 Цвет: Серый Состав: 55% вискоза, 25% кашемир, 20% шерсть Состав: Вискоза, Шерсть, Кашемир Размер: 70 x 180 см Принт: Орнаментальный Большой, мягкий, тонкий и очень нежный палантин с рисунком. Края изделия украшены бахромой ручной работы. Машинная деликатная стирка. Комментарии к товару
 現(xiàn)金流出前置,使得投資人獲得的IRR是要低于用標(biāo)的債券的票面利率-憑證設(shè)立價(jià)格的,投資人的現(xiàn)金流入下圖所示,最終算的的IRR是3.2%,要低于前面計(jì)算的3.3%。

==

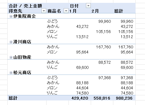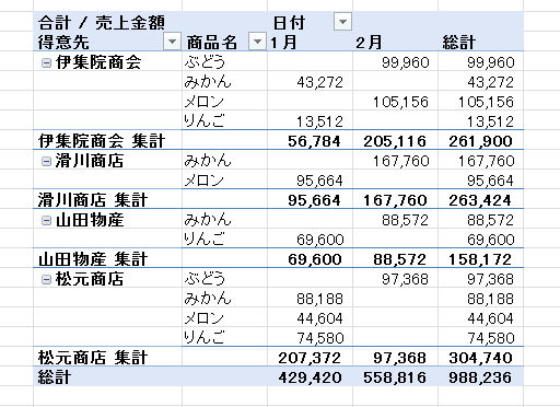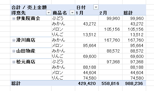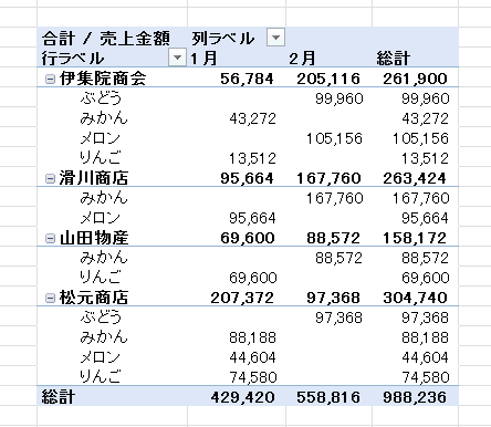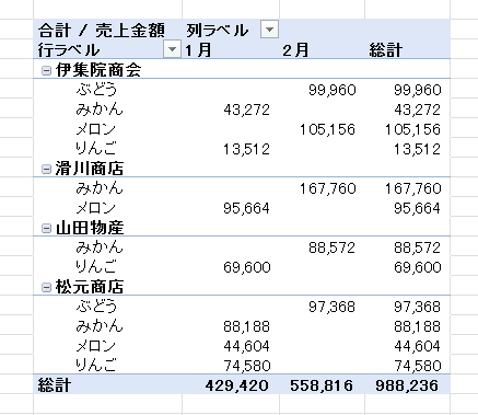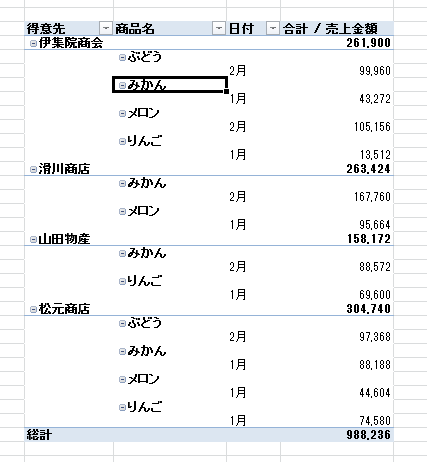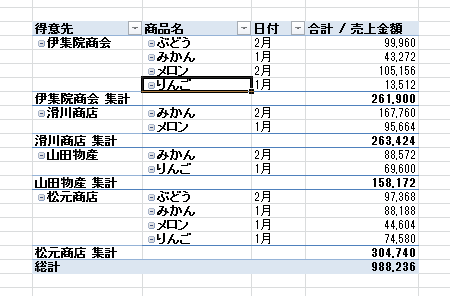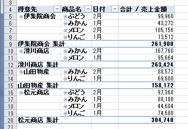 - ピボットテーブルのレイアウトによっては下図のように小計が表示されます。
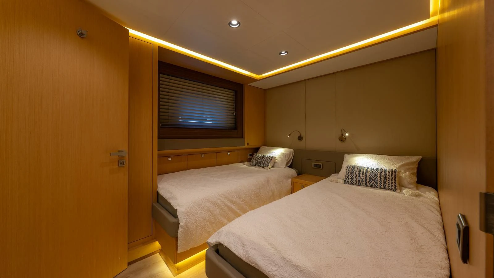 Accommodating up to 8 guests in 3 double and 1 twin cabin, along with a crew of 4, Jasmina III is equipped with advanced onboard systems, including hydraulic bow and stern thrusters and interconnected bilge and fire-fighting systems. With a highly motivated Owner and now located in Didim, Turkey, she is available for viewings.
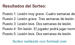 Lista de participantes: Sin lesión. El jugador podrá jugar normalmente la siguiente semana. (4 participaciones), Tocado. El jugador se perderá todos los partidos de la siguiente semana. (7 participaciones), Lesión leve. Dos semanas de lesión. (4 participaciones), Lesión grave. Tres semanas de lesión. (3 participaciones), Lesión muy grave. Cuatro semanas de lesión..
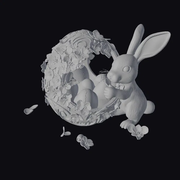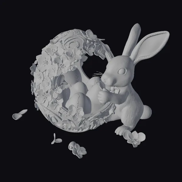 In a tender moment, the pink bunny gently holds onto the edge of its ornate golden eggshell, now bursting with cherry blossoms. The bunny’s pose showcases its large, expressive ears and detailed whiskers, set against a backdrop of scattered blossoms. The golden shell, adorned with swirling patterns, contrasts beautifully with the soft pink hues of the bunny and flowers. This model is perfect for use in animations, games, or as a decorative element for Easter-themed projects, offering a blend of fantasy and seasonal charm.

__EXERCISE DIRECTIONS__:
Transcribe exactly the lines above, beginning at the one with "- ピボットテーブルのレイアウトによっては下図のように小計が表示されます。" and going up to and including the one with "Lista de participantes: Sin". Pictures do not belong in the copy.

__SOLUTION TO THE EXERCISE__:
 - ピボットテーブルのレイアウトによっては下図のように小計が表示されます。
 Accommodating up to 8 guests in 3 double and 1 twin cabin, along with a crew of 4, Jasmina III is equipped with advanced onboard systems, including hydraulic bow and stern thrusters and interconnected bilge and fire-fighting systems. With a highly motivated Owner and now located in Didim, Turkey, she is available for viewings.
 Lista de participantes: Sin lesión. El jugador podrá jugar normalmente la siguiente semana. (4 participaciones), Tocado. El jugador se perderá todos los partidos de la siguiente semana. (7 participaciones), Lesión leve. Dos semanas de lesión. (4 participaciones), Lesión grave. Tres semanas de lesión. (3 participaciones), Lesión muy grave. Cuatro semanas de lesión..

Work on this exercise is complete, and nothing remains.